PPC delivers strong interim performance following repositioning efforts
Building materials and solutions provider PPC delivered a solid performance for the six months ended September 30 against generally challenging conditions, supported by the significant progress made in achieving the company’s strategic objectives which saw it capture volume growth, improve cost competitiveness and generate strong cash flows, CEO Roland van Wijnen has told Engineering News.
He lists the challenges as the slow vaccine rollout and uptake in some regions, although this was now improving; and difficult economic conditions as a result of the pandemic, which was also improving.
As a result of the capital restructuring and refinancing project, PPC Barnet continues to be reported as a discontinued operation.
Group revenue increased by 20% to R5.1-billion, benefiting from a 12% increase in cement sales volumes and the positive impact of hyperinflation on PPC Zimbabwe’s financials.
Excluding PPC Zimbabwe, revenue growth was 12% and, relative to the same period in 2019, growth of 7% shows an improvement on pre-Covid-19 levels.
Cost of sales increased by 24% to R4-billion taking Zimbabwe-related hyperinflation into account.
Excluding this, cost of sales increased in line with cement volumes, which PPC says demonstrates good control of costs, which have generally increased significantly owing to high input cost inflation of 9.2%.
Group earnings before interest, taxes, depreciation and amortisation (Ebitda) ended the period 13% higher at R945-million, while group operating profit increased by 10% to R633-million.
Excluding PPC Zimbabwe, Ebitda was 28% higher and, relative to 2019, 23% higher.
Taking fair value adjustments, profits on disposals and hyperinflation into account, group headline earnings increased to R786-million and group basic headline earnings per share (HEPS) rose by 83% to 55c.
Cash generation was strong and PPC continued with its efforts to degear the group balance sheet, settling a further R309-million in debt.
As part of the group’s capital restructuring efforts, a net profit of R189-million was realised on the disposal of PPC Lime and PPC Botswana Aggregates.
“The capital restructuring is nearing completion and we have successfully removed the need for an equity capital raise. We continue to deliver on our promise of degearing the balance sheet and have used the proceeds from the sale of PPC Lime and Botswana to reduce debt further after the reporting period,” said CFO Brenda Berlin.
South Africa and Botswana Cement experienced continued strong retail demand, which saw cement sales volumes increase by 12% to 15%, and by 3% to 6% relative to 2019.
Sales to the retail and rural segments continued to outpace other segments of the market. In line with the biannual price review, selling prices were raised to partially offset input cost inflation and an increase of 4% to 8% was realised for the period.
Revenue increased by 17% to R2.8-billion and Ebitda rose by 53% to R515-million, while the Ebitda margin increased from 14.3% to 18.7%. Relative to 2019, Ebitda was 40% higher and Ebitda margins increased by 4.4%.

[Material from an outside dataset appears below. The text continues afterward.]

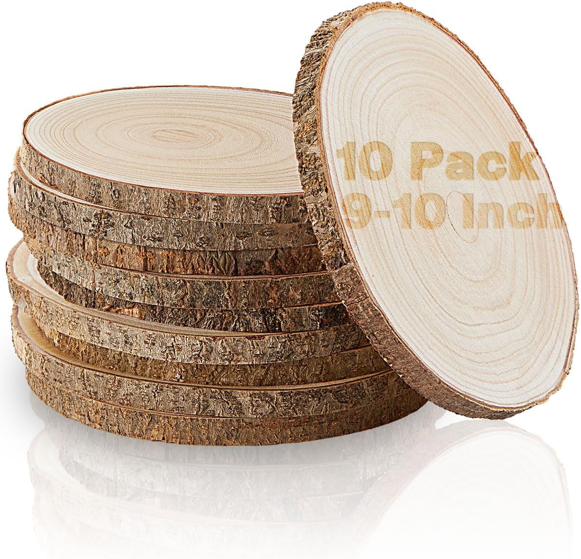 Set of (10) 9-10 Inches Wood Slices, Wood Centerpieces for Tables, Wood Slices for Centerpieces, Unfinished Wood Rounds for Rustic Wedding, Baby Shower, Party, Natural Paulownia Slabs

PPC estimates that cement and clinker imports increased by 30% year-on-year for the nine months ended September 30, and forecasts that imports will account for about 10% of total industry volumes by the end of the year.

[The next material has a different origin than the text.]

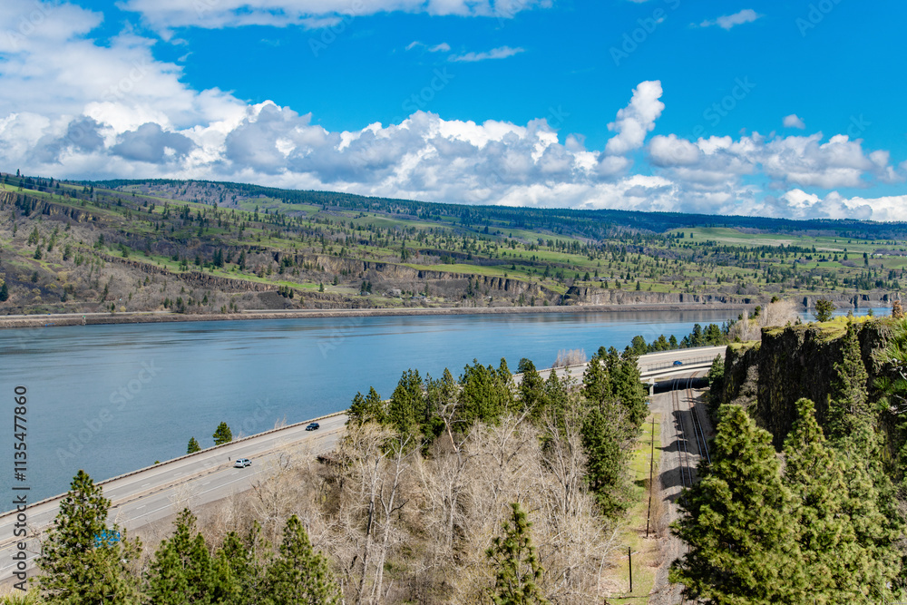 Highway Along Columbia River Gorge in Mosier Oregon

PPC, together with Cement & Concrete SA and other industry players, is awaiting a decision from the relevant authorities regarding an application (updated to include both cement and clinker) that seeks relief against what it says is unfair competition in the form of import tariffs.
Van Wijnen said the recent designation of locally produced cement for all government-funded projects was welcome news. He said this would have a positive impact on the industry, and would benefit PPC in terms of improved sales, depending on how well the government enforces it and the speed of its infrastructure project rollout.
He pointed out that, not only does locally produced cement provide jobs in the country, but, it also supports communities, with such benefits negated by imports.
The materials division benefitted from a recovery in construction activity in the respective addressable markets which drove sales volumes for readymix and aggregates.
Fly ash sales volumes declined off of a high base. Revenue increased by 30% to R600-million and Ebitda improved to R37-million.
Looking ahead, PPC’s focus is on optimising operational efficiencies to mitigate increasing input cost pressures and reducing its environmental footprint while further enhancing its financial resilience.
Van Wijnen said the group sees opportunities presented by the rollout of South Africa’s infrastructure programme, with PPC having spare capacity to support this and not having to put in additional investment.